Yes, exactly something like this. When I checked it with the analyzer even the missing bytes were transmitted on the bus.

Hello @KevinFFF, is there any news regarding this topic ? Thanks

Could you enable HW flow control with using RTS/CTS and check if you still could reproduce the issue?

Hello,
we performed tests with RTS/CTS hardware flow control enabled on Orin NX and we were able to go up to 4.3Mbaud. Above this value the lost bytes issue is still present. The results are much better than without flow control, but still not even close to the performance of Xavier NX (even without CTS/RTS).

It seems caused from the default clock frequency for Orin Nano is lower than Xavier NX.
May I know what’s your use case for UART?

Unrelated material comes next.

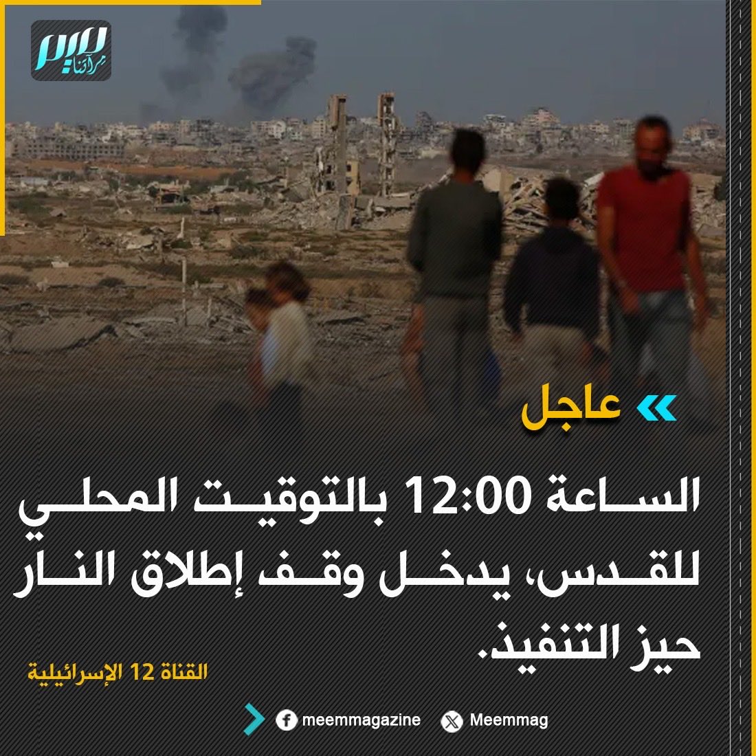 عاجل: الساعة 12:00 بالتوقيت المحلي للقدس، يدخل وقف إطلاق النار حيز التنفيذ، بحسب بيان رسمي نقلته القناة 12 الإسرائيلية عن حكومة نتنياهو.

We are using Orin NX not Orin Nano. Our use case is to communicate with external device with bauds near 5M, which is working without any problem on Xavier NX, but unstable on Orin NX.

Sorry that it was my typo, Orin NX and Orin Nano have the similar design and configuration.
May I know what’s your use case and requirement for baudrate? (5M?)

I can also reproduce the fix. With RTS/CTS flow control the reception is reliable @3MBaud.
The use case is streaming data at ~40 kBytes/second from an STM32 microcontroller TX. In the future this might increase, so we need the capacity offered by high baudrates (in our case 300kBytes @ 3MBaud). Above 4.3M is probably not needed.

1 Like

This topic was automatically closed 14 days after the last reply. New replies are no longer allowed.